1. Apareció frente a mí desde la gramilla, me encontraba en ese momento haciendo
nada como tantas otras tardes en el patio de mi casa: amplia, de estilo indefinido,
en un pueblo de La Pampa que permanece lo más indiferente posible al tiempo. Al
reparo de la galería con vista al jardín desprovisto de flores y plantas, se mostraba
el cielo maternalmente soportado por esa verde y extensa llanura. Ahí me sentaba
con cierta frecuencia a descansar del cuidado y abrigo de mi familia, desaparecer al
menos un rato de la vista atenta de los vecinos y tanto conocido. Puede
considerarse una rutina, pero no recuerdo dos tardes iguales, excepto por algunas
constantes como el olor del césped y la tierra, especialmente si están húmedos; las
estrellas que delimitaban el campo visual con las tres marías a la izquierda, el
lucero al fondo y la cruz del sur a la derecha; bichos de luz agolpados en el farol del
fondo y, según la estación, sapos y ranas merodeando, grillos alardeando,
cascarudos, chinches verdes, polillas y mosquitos molestando.
La población de roedores aumentaba en época de cosecha y almacenamiento de
granos en los silos, que estaban a un par de cuadras de mi casa, resultando el
pueblo entero de apenas siete de largo por cinco de ancho. La perra de casa se
entretenía atrapando estos bichos, casi siempre pequeñas lauchas, escurridizas y
apenas visibles a las personas, que sospechaban su presencia en las casas por los
rastros que dejaban con sus ratones hábitos, pero a mis quince años no había visto
todavía una rata.
Considerablemente más grande y mucho menos graciosa que sus compañeras de
especie, más bien nada, se movió con una velocidad que me resulta difícil de
describir: Podía apreciarse cierta habilidad para la prontitud y celeridad, llegó sin
señales de aviso a unos tres metros de distancia, sin embargo apareció definida a
la visión y me permitió identificarla en todas sus dimensiones. Entre sus dientes y
su larga cola ocupaba unos cuarenta centímetros; sus patas mostraban longitudes
proporcionadas en uñas y pelaje que cubría salvaje, desprolija y con oscuro brillo
todo el lomo de unos quince centímetros de alto. Avanzó con tanta firmeza y sus
ojos negros fijos en mi figura que el estómago me avisó inmediatamente que
consideraba una potencial amenaza en la presencia de aquel animal desgraciado.
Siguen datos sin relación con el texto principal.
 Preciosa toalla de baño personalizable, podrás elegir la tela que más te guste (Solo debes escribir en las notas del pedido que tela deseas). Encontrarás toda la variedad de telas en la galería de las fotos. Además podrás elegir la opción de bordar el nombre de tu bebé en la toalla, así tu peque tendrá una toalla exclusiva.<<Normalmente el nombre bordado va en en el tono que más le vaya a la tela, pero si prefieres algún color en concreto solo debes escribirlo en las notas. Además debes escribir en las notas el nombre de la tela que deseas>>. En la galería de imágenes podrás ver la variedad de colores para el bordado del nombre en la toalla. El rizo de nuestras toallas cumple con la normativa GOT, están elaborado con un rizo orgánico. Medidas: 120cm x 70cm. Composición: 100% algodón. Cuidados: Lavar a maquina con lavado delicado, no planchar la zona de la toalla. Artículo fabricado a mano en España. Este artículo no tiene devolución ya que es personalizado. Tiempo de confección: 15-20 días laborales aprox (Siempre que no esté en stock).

En el campo, que tan presente y a mano de la historia del pueblo determina hasta
la inconciencia, se aprende despachadamente la resignación: Frente a la naturaleza
imprevisible, la acción más prudente es permanecer inmóvil y expectante
reaccionando sólo en caso de movimientos bruscos y, si no existen elementos
extras para la defensa o guarida al alcance de unos pocos pasos, esperar a que el
peligro esté a la distancia de un brazo porque los animales más lentos y menos
hábiles que los humanos raramente son violentos, mientras que con los peligrosos
sólo se puede confiar en artilugios improvisados y estrategias de confusión hasta
2. que llegue ayuda con algún objeto contundente que auxilie nuestra
comparativamente débil capacidad física en el reino al que pertenecemos.
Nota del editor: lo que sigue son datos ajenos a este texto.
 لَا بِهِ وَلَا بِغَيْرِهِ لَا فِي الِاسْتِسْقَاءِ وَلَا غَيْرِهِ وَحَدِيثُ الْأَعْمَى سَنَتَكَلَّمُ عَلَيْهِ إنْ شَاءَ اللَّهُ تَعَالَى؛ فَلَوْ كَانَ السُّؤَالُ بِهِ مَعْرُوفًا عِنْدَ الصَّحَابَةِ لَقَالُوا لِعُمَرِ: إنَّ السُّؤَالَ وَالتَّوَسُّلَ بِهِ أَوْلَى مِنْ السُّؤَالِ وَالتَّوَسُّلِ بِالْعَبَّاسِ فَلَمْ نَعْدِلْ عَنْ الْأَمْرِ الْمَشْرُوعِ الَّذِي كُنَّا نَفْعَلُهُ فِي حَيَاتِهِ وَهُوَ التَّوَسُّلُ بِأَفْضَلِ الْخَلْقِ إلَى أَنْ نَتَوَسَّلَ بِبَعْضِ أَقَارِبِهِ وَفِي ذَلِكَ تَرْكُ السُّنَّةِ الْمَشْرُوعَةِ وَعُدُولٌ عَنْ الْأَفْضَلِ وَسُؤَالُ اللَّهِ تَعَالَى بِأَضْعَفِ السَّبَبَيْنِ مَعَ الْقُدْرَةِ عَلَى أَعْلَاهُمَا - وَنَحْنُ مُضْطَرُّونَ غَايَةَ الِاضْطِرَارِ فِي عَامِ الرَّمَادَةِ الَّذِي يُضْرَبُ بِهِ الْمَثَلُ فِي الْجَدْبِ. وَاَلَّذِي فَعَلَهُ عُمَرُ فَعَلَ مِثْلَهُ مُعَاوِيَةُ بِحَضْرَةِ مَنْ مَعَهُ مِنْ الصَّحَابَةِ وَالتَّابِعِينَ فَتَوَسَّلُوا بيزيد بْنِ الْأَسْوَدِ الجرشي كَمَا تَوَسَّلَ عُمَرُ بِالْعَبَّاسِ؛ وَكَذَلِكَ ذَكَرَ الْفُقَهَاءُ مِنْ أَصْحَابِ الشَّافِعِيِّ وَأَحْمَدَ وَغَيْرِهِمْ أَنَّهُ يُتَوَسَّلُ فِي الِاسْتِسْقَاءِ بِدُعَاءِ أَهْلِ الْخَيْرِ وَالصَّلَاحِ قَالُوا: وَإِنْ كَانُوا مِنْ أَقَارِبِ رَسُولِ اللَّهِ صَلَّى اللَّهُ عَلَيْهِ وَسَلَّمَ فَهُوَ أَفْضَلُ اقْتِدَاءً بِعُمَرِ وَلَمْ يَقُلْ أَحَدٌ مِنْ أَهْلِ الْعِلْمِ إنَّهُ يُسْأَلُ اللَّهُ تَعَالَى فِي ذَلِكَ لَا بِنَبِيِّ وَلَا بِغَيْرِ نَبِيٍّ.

Nada de todo esto llegué a siquiera pensarlo, ahí estábamos la rata y yo,
contemplándonos con impaciencia e incertidumbre cuando un tercero interrumpió la
escena. Una sombra arrolló mis sentidos desde el costado, más a la izquierda de
donde me llegaba la vista fija en mi amenaza preexistente, provocando una
estampida en el flujo de sangre invitándome a saltar por encima de la reposera y
observar con el respaldo abrazado cual escudo el final de una maniobra que no
pude imaginar de otra forma que extraordinariamente hábil. Enorme, majestuosa,
aún más brillante gracias a la luz de la luna que parecía alumbrar sólo sus plumas,
cazó entre sus amables garras al repugnante susto y se elevó sobre sí misma para
volar por donde había llegado hasta los árboles que delimitaban la vía del ferrocarril
que recorría todo el pueblo a lo largo.
Me quedé allí detrás sentada en el patio de la galería, todavía sosteniendo mi
escudo, sin saber si los latidos fuertes y acelerados tanto como el sordo zumbido
eran producto de emociones exaltadas por la alegría del resultado o el resabio de
inconsecuentes temores. Al día de hoy cuando este confuso estado de ánimo me
invade por algún motivo, se me presenta la imagen de aquella lechuza gloriosa
dispensándome de aquello que nunca sabré que podía ocurrir sin su instintiva
intervención, pero con seguridad siento que resultaría desagradable.
Pese a reconocer lo impersonal que resultó aquel favor, la invoco como si fuera el
más grande y benévolo Dios que vigila mi destino.